● PROBLEM DESCRIPTION: Without altering a word, return the records below, but exclude the pictures.

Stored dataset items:
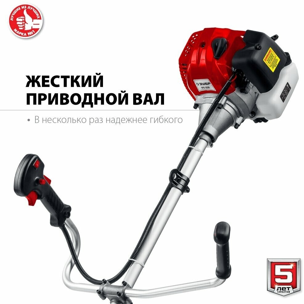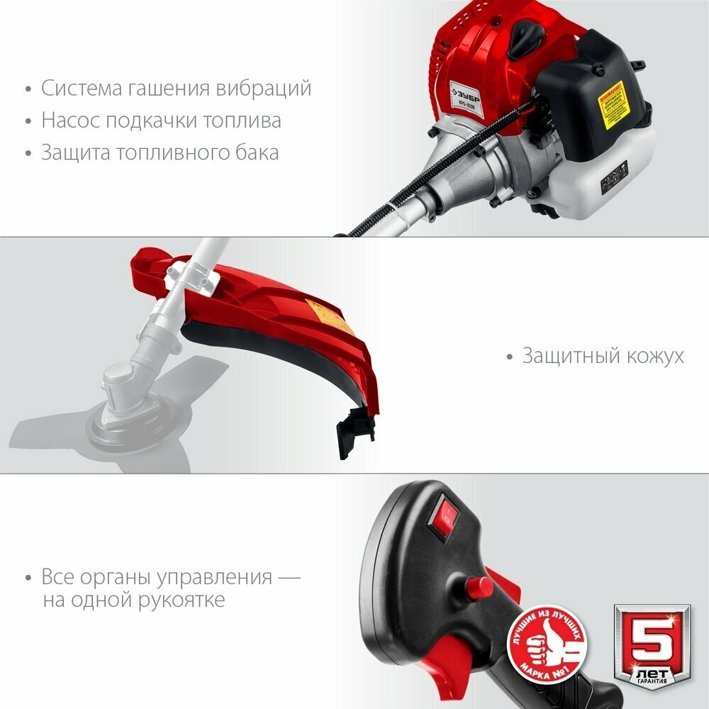 Триммер бензиновый (бензокоса) ЗУБР , предназначен для кошения растительности на садовых участках и газонах. Незаменимый помощник в делах по уходу за садовым участком. С помощью бензиновой косы можно легко и уверенно работать в самых стесненных условиях. Мощный двигатель позволяет, практически не прикладывая никаких усилий, подстричь траву, удалить одеревенелую поросль или подровнять кустарник около дома. Возможность установки как ножа, так и катушки с леской. Разъемная штанга для удобства хранения и транспортировки. Регулируемая по высоте велосипедная рукоятка. Плечевой ремень и оптимальная развесовка облегчают эксплуатацию. Двойная система гашения вибрации. Емкость для приготовления рабочей смеси в комплекте. Блокировка управления подачей топлива для безопасности оператора. Увеличенный ресурс двигателя благодаря высокотехнологичной обработке, двум компрессионным кольцам и хромовому покрытию цилиндра. Редуктор на выходе повышает крутящий момент.
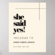 Elle a dit oui : signe de bienvenue de la douche nuptiale. Minimaliste mais frappant : adoptez ce design typographique légèrement rétro pour votre poste de douche nuptiale, avec une couleur crème élégante. Texte, couleurs et arrière - plans entièrement personnalisables.
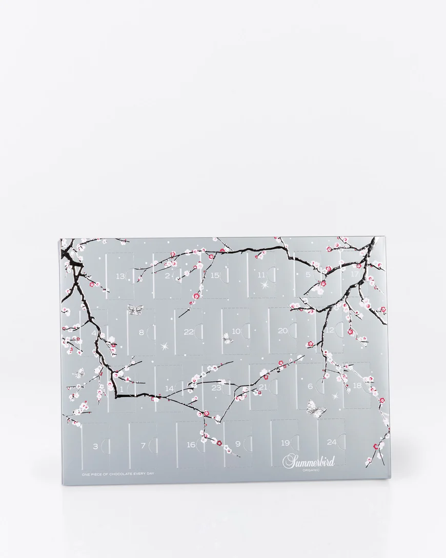 Årets klassiske julekalender med sølvmotiv er inspireret af det ikoniske tapet, som dekorerer alle vores Summerbird-Chocolaterier. Julekalenderen indeholder både vores smagfulde chokoladebarer og elegante, fyldte chokolader. Julekalenderen indeholder 12 forskellige varianter. Bag hver låge gemmer sig 1 stykke chokolade.
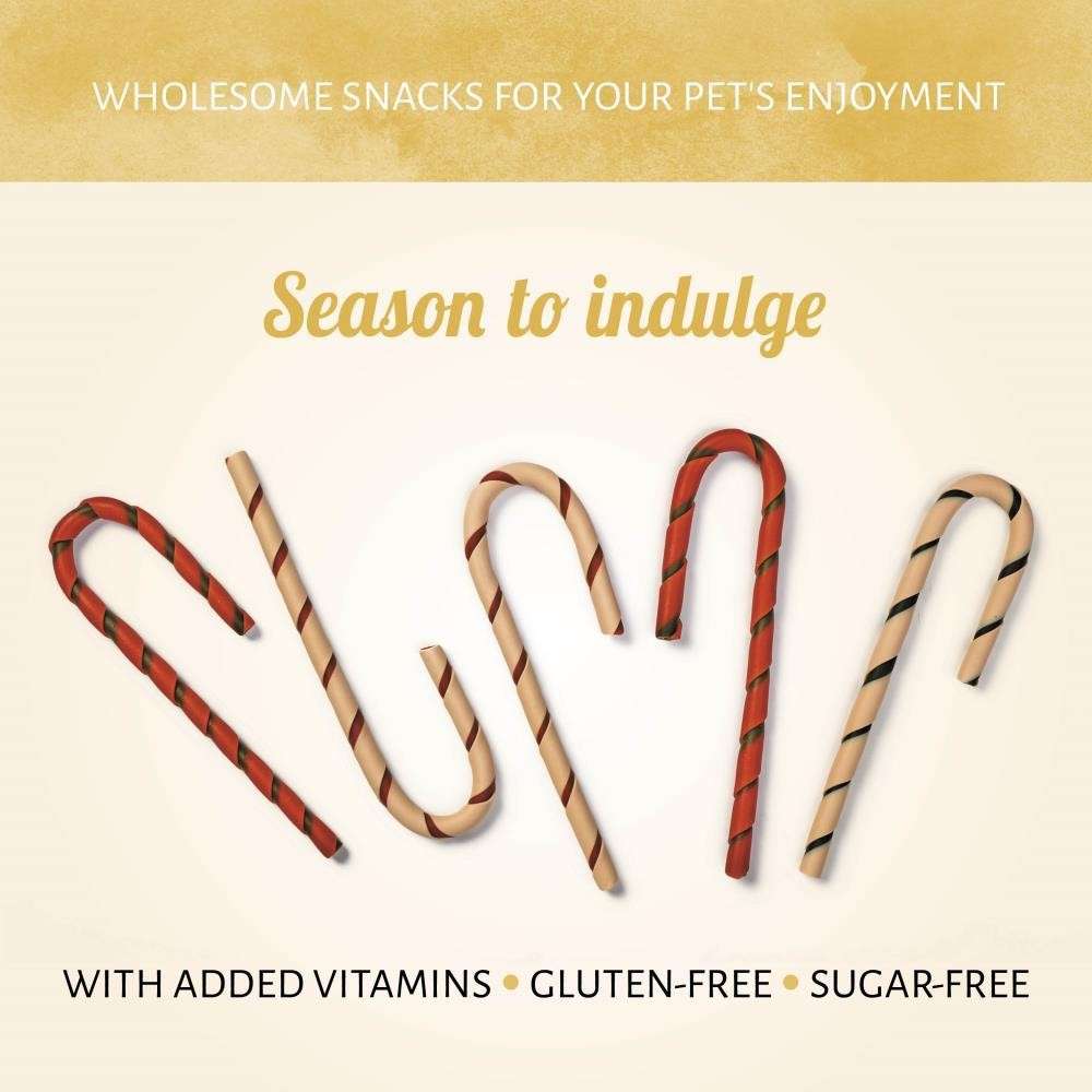 Unsere Sweetieland Candy Canes sind eines der schönsten Vergnügen im Leben und ein wahrer Hochgenuss. Bieten Sie Ihrem vierbeinigen Freund eine gesunde Alternative zu Kausnacks aus Rohhaut. Das Kauen dieser Mini-Zuckerstangen trägt zur Gesunderhaltung der Zähne bei. So wird die Weihnachtszeit für ihn nur noch schöner.
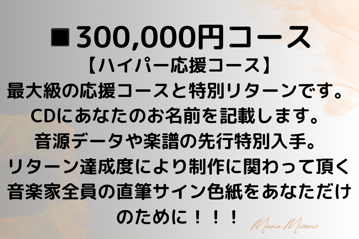 【ハイパー応援コース★ 最上級の応援コース。CDにあなたのお名前を記載します。音源データや楽譜の先行特別入手、リターン達成度により制作に関わって頂く音楽家全員の直筆サイン色紙をあなただけの為に。】
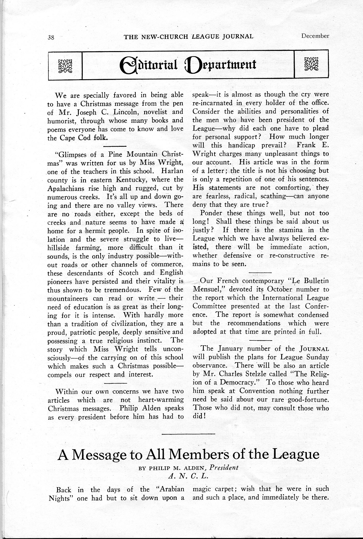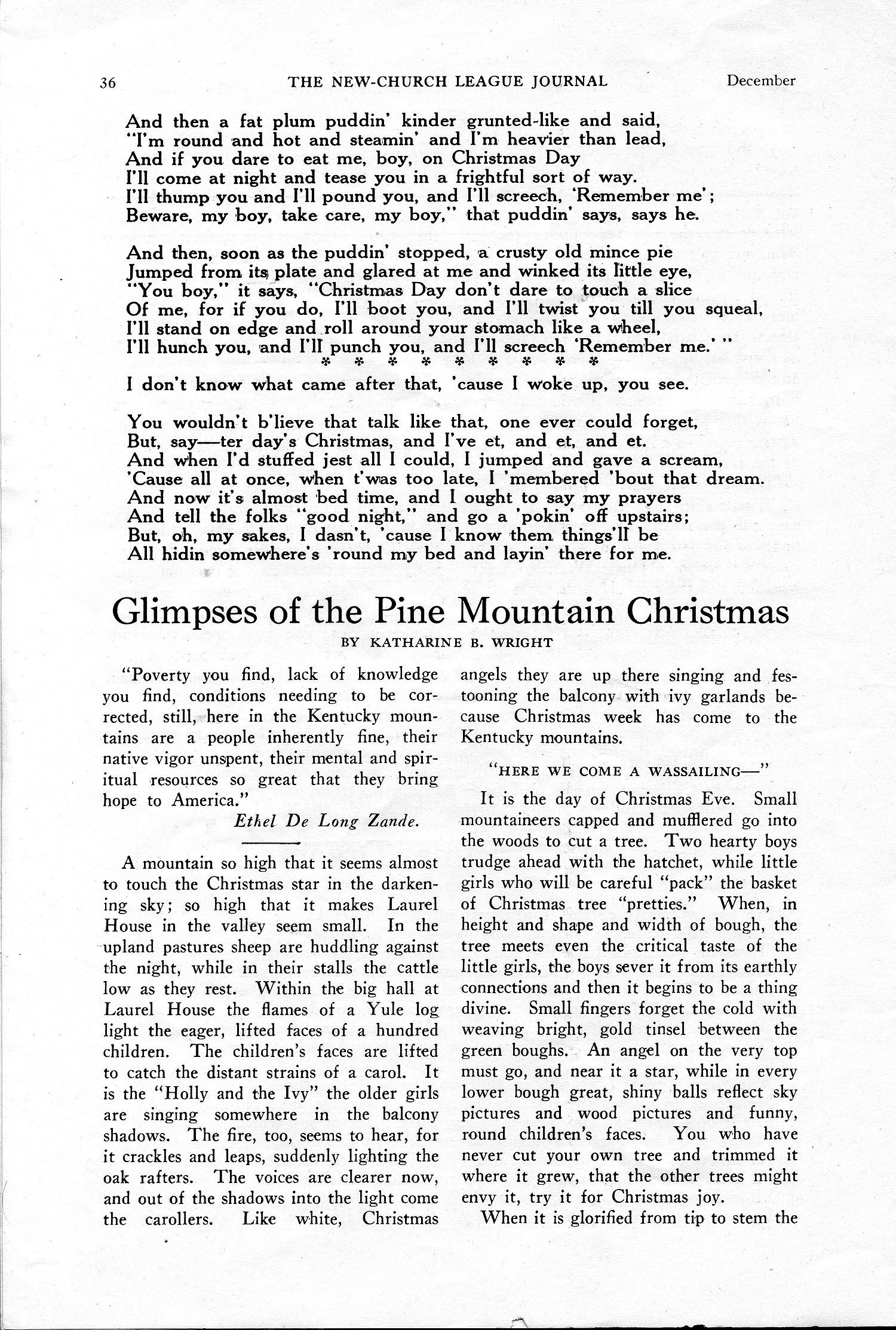 TAGS: Katherine B. Wright, New-Church League Journal, Christmas at PMSS, promotional campaign, Ethel de Long Zande, Nativity Play, Appalachian Mountains
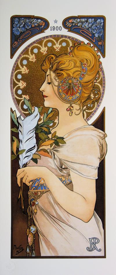 (1860-1939) est un affichiste, illustrateur, peintre et architecte d’intérieur tchèque. Il est aujourd’hui considéré comme l’un des pionniers de l’Art Nouveau. Enfant, il est d’abord orienté par le chant, mais peint déjà quelques toiles, de nos jours très recherchées. Il est refusé des Beaux-Arts de Prague en 1878, ce qui ne sera pas suffisant pour le décourager. Mucha séjourne et travaille à Vienne, dans la plus grande entreprise de décors de théâtre, réalise des portraits en indépendant (le plus souvent de femmes qu’il photographie au préalable), entre à l’Académie de Munich, puis se rend à Paris, où sa carrière d’affichiste débute.
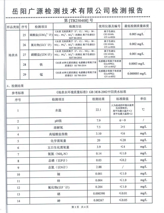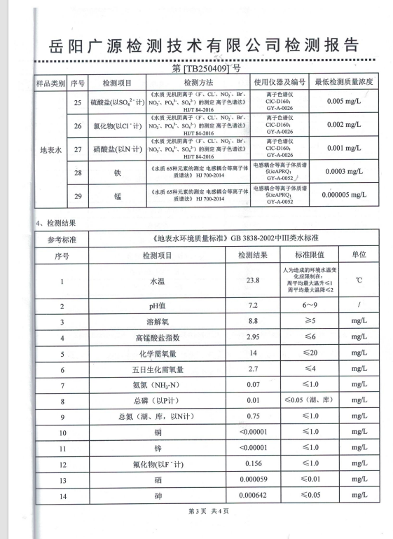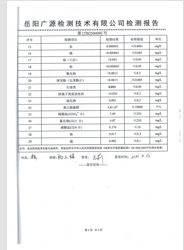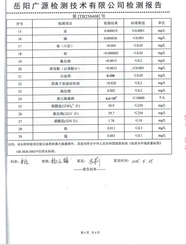 2025年4月岳阳市水务集团水源水水质检测月报表
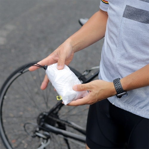 付属のポーチを利用すればコンパクトに畳むことができ、ジャージのバックポケットに収納することができます。
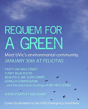 Requiem for a Green: The Party on High Street, the funky blue rocks, Beautiful Mr. Sunflower, Gorilla Compassion, Mr. Nick Jones @ Felicita's Pub Dec 31 1969 - Feb 8th @ Felicita's Pub
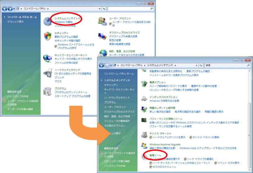 [コントロールパネル]の[システムとメンテナンス]にある[管理ツール]を左クリックします。
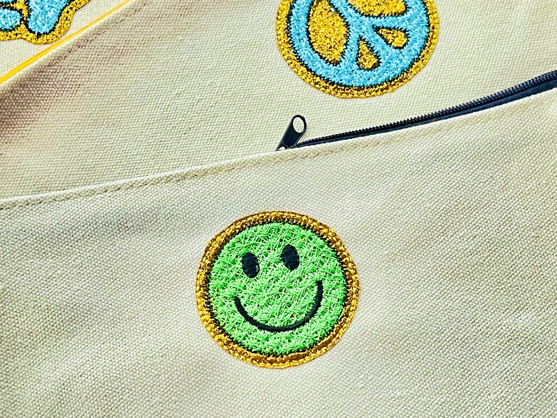 Happy Face Faux patch chenille stitches and Glitter HTV scraps glitter vinyl machine embroidery designs size 2 inches, happy face

● FINISHED EXERCISE:
 Триммер бензиновый (бензокоса) ЗУБР , предназначен для кошения растительности на садовых участках и газонах. Незаменимый помощник в делах по уходу за садовым участком. С помощью бензиновой косы можно легко и уверенно работать в самых стесненных условиях. Мощный двигатель позволяет, практически не прикладывая никаких усилий, подстричь траву, удалить одеревенелую поросль или подровнять кустарник около дома. Возможность установки как ножа, так и катушки с леской. Разъемная штанга для удобства хранения и транспортировки. Регулируемая по высоте велосипедная рукоятка. Плечевой ремень и оптимальная развесовка облегчают эксплуатацию. Двойная система гашения вибрации. Емкость для приготовления рабочей смеси в комплекте. Блокировка управления подачей топлива для безопасности оператора. Увеличенный ресурс двигателя благодаря высокотехнологичной обработке, двум компрессионным кольцам и хромовому покрытию цилиндра. Редуктор на выходе повышает крутящий момент.
 Elle a dit oui : signe de bienvenue de la douche nuptiale. Minimaliste mais frappant : adoptez ce design typographique légèrement rétro pour votre poste de douche nuptiale, avec une couleur crème élégante. Texte, couleurs et arrière - plans entièrement personnalisables.
 Årets klassiske julekalender med sølvmotiv er inspireret af det ikoniske tapet, som dekorerer alle vores Summerbird-Chocolaterier. Julekalenderen indeholder både vores smagfulde chokoladebarer og elegante, fyldte chokolader. Julekalenderen indeholder 12 forskellige varianter. Bag hver låge gemmer sig 1 stykke chokolade.
 Unsere Sweetieland Candy Canes sind eines der schönsten Vergnügen im Leben und ein wahrer Hochgenuss. Bieten Sie Ihrem vierbeinigen Freund eine gesunde Alternative zu Kausnacks aus Rohhaut. Das Kauen dieser Mini-Zuckerstangen trägt zur Gesunderhaltung der Zähne bei. So wird die Weihnachtszeit für ihn nur noch schöner.
 【ハイパー応援コース★ 最上級の応援コース。CDにあなたのお名前を記載します。音源データや楽譜の先行特別入手、リターン達成度により制作に関わって頂く音楽家全員の直筆サイン色紙をあなただけの為に。】
 TAGS: Katherine B. Wright, New-Church League Journal, Christmas at PMSS, promotional campaign, Ethel de Long Zande, Nativity Play, Appalachian Mountains
 (1860-1939) est un affichiste, illustrateur, peintre et architecte d’intérieur tchèque. Il est aujourd’hui considéré comme l’un des pionniers de l’Art Nouveau. Enfant, il est d’abord orienté par le chant, mais peint déjà quelques toiles, de nos jours très recherchées. Il est refusé des Beaux-Arts de Prague en 1878, ce qui ne sera pas suffisant pour le décourager. Mucha séjourne et travaille à Vienne, dans la plus grande entreprise de décors de théâtre, réalise des portraits en indépendant (le plus souvent de femmes qu’il photographie au préalable), entre à l’Académie de Munich, puis se rend à Paris, où sa carrière d’affichiste débute.
 2025年4月岳阳市水务集团水源水水质检测月报表
 付属のポーチを利用すればコンパクトに畳むことができ、ジャージのバックポケットに収納することができます。
 Requiem for a Green: The Party on High Street, the funky blue rocks, Beautiful Mr. Sunflower, Gorilla Compassion, Mr. Nick Jones @ Felicita's Pub Dec 31 1969 - Feb 8th @ Felicita's Pub
 [コントロールパネル]の[システムとメンテナンス]にある[管理ツール]を左クリックします。
 Happy Face Faux patch chenille stitches and Glitter HTV scraps glitter vinyl machine embroidery designs size 2 inches, happy face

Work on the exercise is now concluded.